L'analyse de Valorian

Cette étude apporte un signal supplémentaire dans un domaine où les observations cliniques se multipliaient depuis plusieurs années. Les agonistes du GLP-1 semblent bien associés à une légère augmentation du risque d'alopécie, mais l'ampleur de ce risque reste faible en valeur absolue.

Le mécanisme le plus probable demeure l'effluvium télogène induit par une perte de poids rapide et par les adaptations métaboliques qui l'accompagnent. Une toxicité directe sur le follicule pileux n'est pas exclue, mais elle n'est actuellement pas démontrée.

Le véritable message clinique est donc de ne pas opposer les bénéfices considérables de ces traitements à un effet indésirable généralement réversible, mais d'anticiper cette possibilité. Une information claire du patient, un accompagnement nutritionnel adapté et un dépistage précoce des carences peuvent contribuer à limiter cet effet et à maintenir l'adhésion au traitement.

Cette approche illustre une réalité fréquente en médecine : un traitement très efficace peut s'accompagner d'effets secondaires modestes mais importants pour la qualité de vie. Les reconnaître sans les dramatiser permet une prise en charge plus équilibrée et plus personnalisée.

À retenir

  • Le BMJ montre +37 % de risque d'alopécie vs SGLT-2 et +68 % vs DPP-4 chez les patients sous GLP-1, mais le risque absolu reste faible (quelques cas pour 1000 patients-année).
  • La chute observée est une alopécie non cicatricielle, donc généralement réversible.
  • Le mécanisme le plus probable est l'effluvium télogène induit par la perte de poids rapide et le stress métabolique.
  • Aucun effet toxique direct du GLP-1 sur le follicule pileux n'est démontré : l'étude montre une association, pas une causalité.
  • L'arrêt du traitement est rarement justifié : apport protéique suffisant, dépistage des carences (fer, zinc, vitamine D, B12) et suivi permettent de limiter l'impact.

Niveau de preuve Valorian

  • Qualité des preuves(4/5)

    Les données reposent désormais sur une grande étude de cohorte publiée dans The BMJ, complétée par des essais cliniques, des analyses de pharmacovigilance et plusieurs revues de la littérature.

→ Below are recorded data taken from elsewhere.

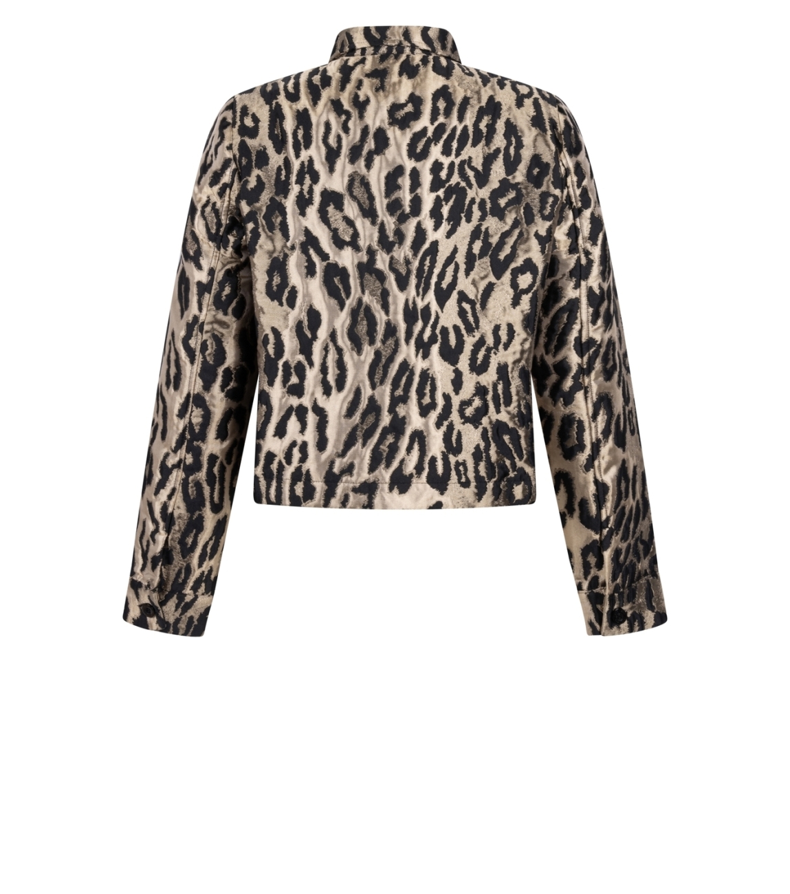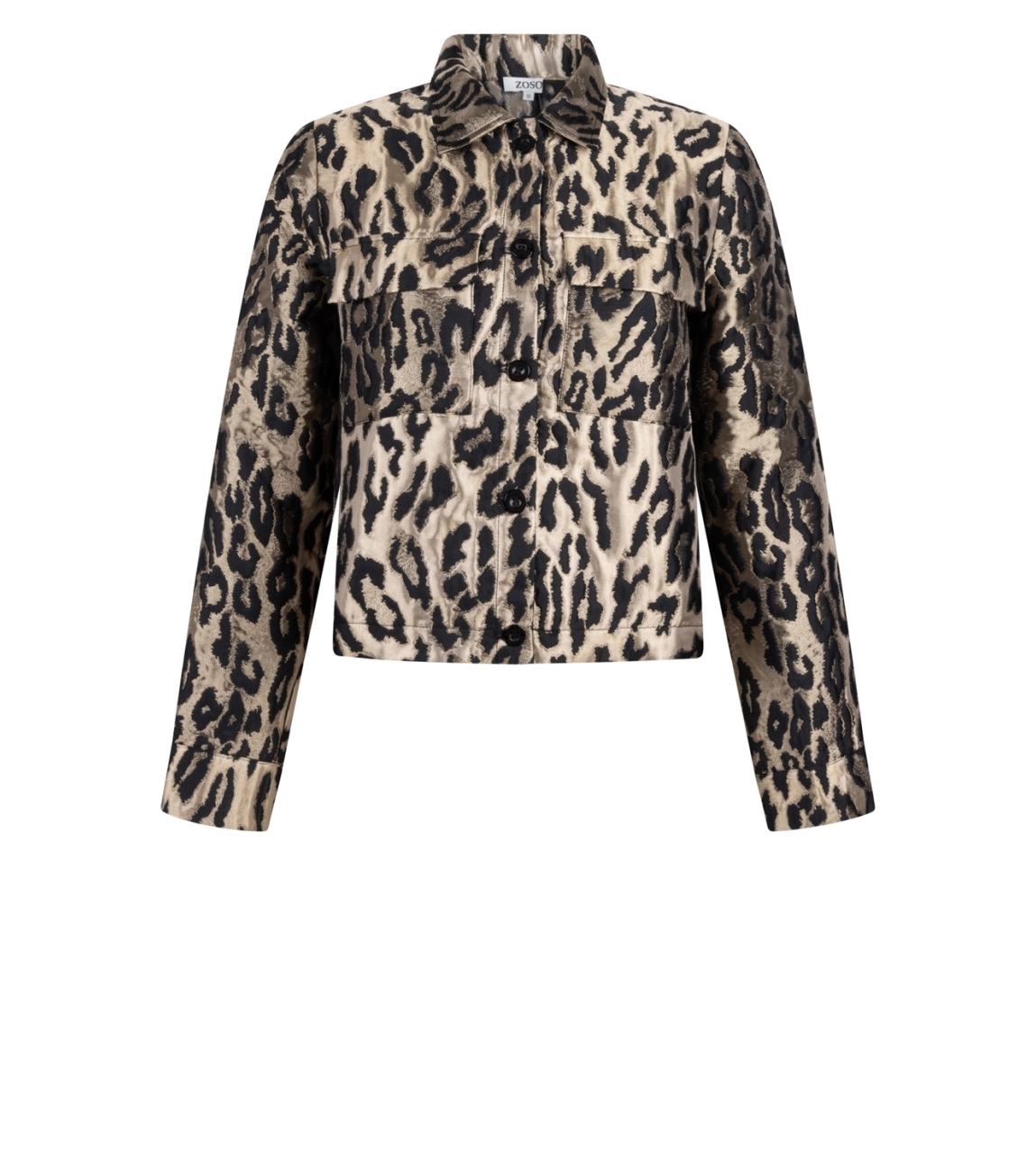 Zoso jasje Dalia. Dit rechtvallend model is voorzien van een kraag en heeft lange mouwen. Dit goudkleurige jasje van Zoso sluit door middel van knopen en is all-over bewerkt met een zwarte panterprint. Dit model beschikt over twee klepzakken.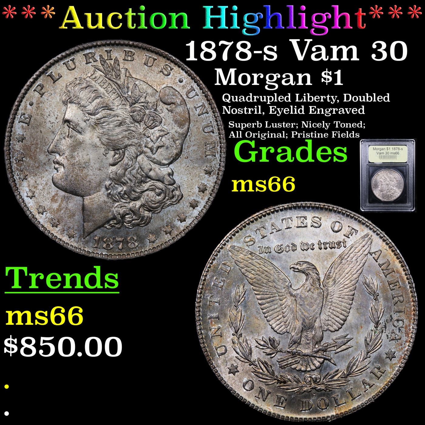 ***Auction Highlight*** 1878-s Vam 30 Morgan Dollar $1 Graded GEM+ Unc BY USCG. A Corey's Pick, Bid to Win Coin
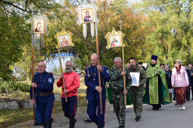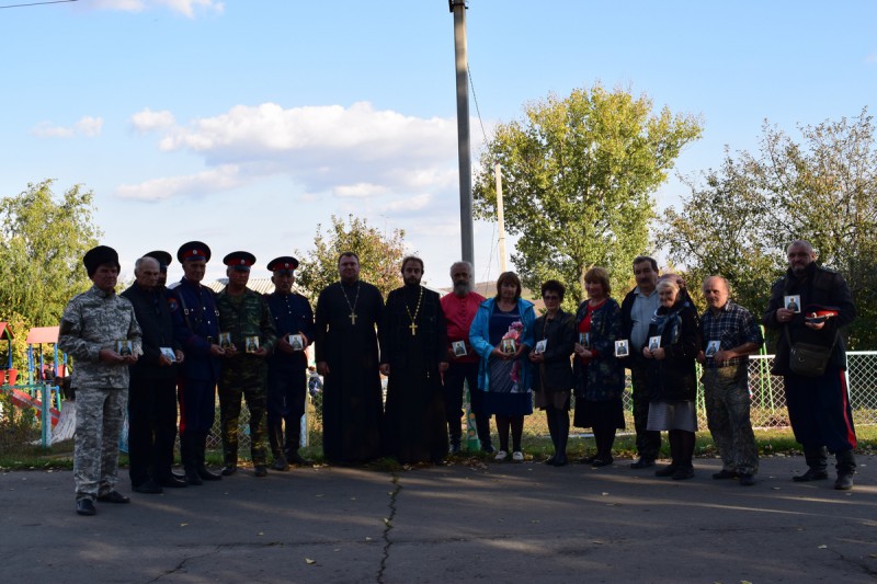 Благочинный приходов Нижнедонского округа протоиерей Сергий Яценко обратился к местным жителям с пастырским словом, поздравил их со знаменательным событием в жизни поселения и подарил всем благодетелям принимавшим участие в изготовлении и установке Поклонного Креста, икону преподобного Сергия Радонежского.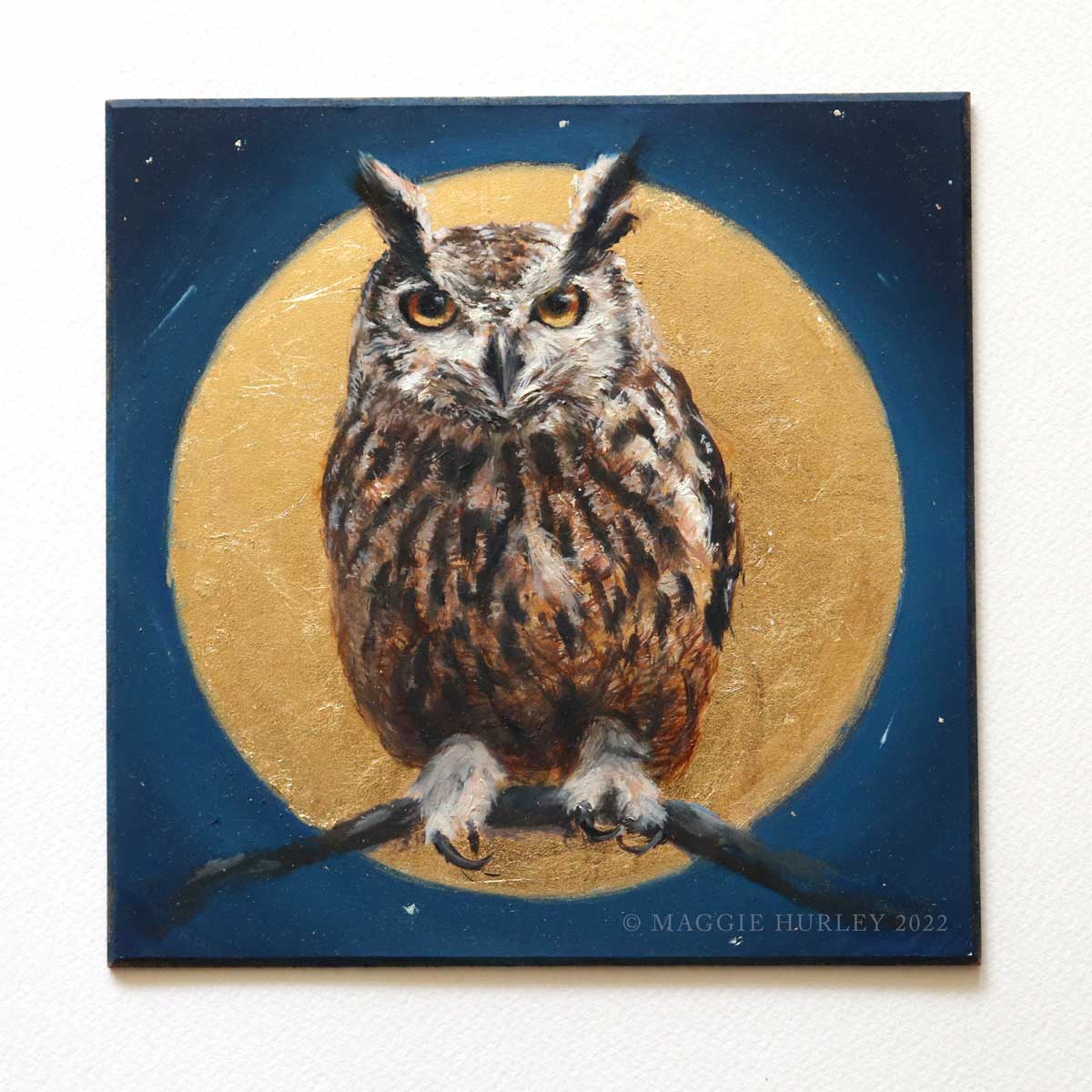 Eurasian Eagle Owl | 6″ x 6″ | Oil Painting + Gold Leaf

Le signal est cohérent, mais les preuves restent essentiellement observationnelles.

  • Applicabilité clinique(4/5)

    Les résultats sont directement utiles en pratique pour informer les patients, reconnaître un effluvium télogène et éviter des interruptions injustifiées de traitement.

  • Niveau de certitude sur la causalité(2/5)

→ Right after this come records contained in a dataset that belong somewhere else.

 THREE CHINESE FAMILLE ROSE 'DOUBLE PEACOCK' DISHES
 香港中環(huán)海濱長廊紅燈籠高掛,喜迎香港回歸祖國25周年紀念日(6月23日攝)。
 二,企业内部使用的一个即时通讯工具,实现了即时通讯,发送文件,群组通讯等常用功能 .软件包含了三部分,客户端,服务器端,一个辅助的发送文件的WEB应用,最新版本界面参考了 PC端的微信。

    L'association est bien établie, mais la responsabilité directe des agonistes du GLP-1 n'est pas démontrée. Les mécanismes impliquant la perte de poids rapide, les modifications nutritionnelles et le stress métabolique restent les explications les plus plausibles.

  • Impact potentiel futur(4/5)

    De futures études prospectives avec évaluation dermatologique et suivi trichologique permettront probablement de mieux distinguer l'effet du médicament de celui de l'amaigrissement et d'identifier les patients les plus à risque.

Références

  1. BMJ (2026). Association of GLP-1 receptor agonists with alopecia in adults with type 2 diabetes: population-based cohort study.
  2. Revue (2026). Hair loss associated with GLP-1 receptor agonists: mechanisms, clinical evidence and management.
  3. American Academy of Dermatology (AAD).
  4. European Academy of Dermatology and Venereology (EADV).

Questions fréquentes

Les médicaments GLP-1 (Ozempic, Wegovy, Mounjaro) font-ils tomber les cheveux ?

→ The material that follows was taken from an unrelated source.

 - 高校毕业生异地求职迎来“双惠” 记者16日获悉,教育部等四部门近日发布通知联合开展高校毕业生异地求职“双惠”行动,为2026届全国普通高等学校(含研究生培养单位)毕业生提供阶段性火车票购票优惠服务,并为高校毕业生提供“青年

Une association statistique existe, mais pas de preuve de causalité directe. La chute est le plus souvent un effluvium télogène lié à la perte de poids rapide, généralement réversible.

Cette chute de cheveux est-elle définitive ?

Non. Il s'agit d'une alopécie non cicatricielle : le follicule reste vivant et la repousse est généralement possible une fois la situation métabolique stabilisée.

Faut-il arrêter le traitement en cas de chute de cheveux ?

Dans la majorité des cas, non. Les bénéfices métaboliques et cardiovasculaires dépassent souvent le risque d'une chute temporaire. Toute décision doit être individualisée avec le médecin.

Comment limiter la chute de cheveux sous GLP-1 ?

Assurer un apport protéique suffisant, éviter une restriction calorique excessive, dépister et corriger les carences (fer, zinc, vitamine D, B12) et consulter rapidement en cas de chute importante.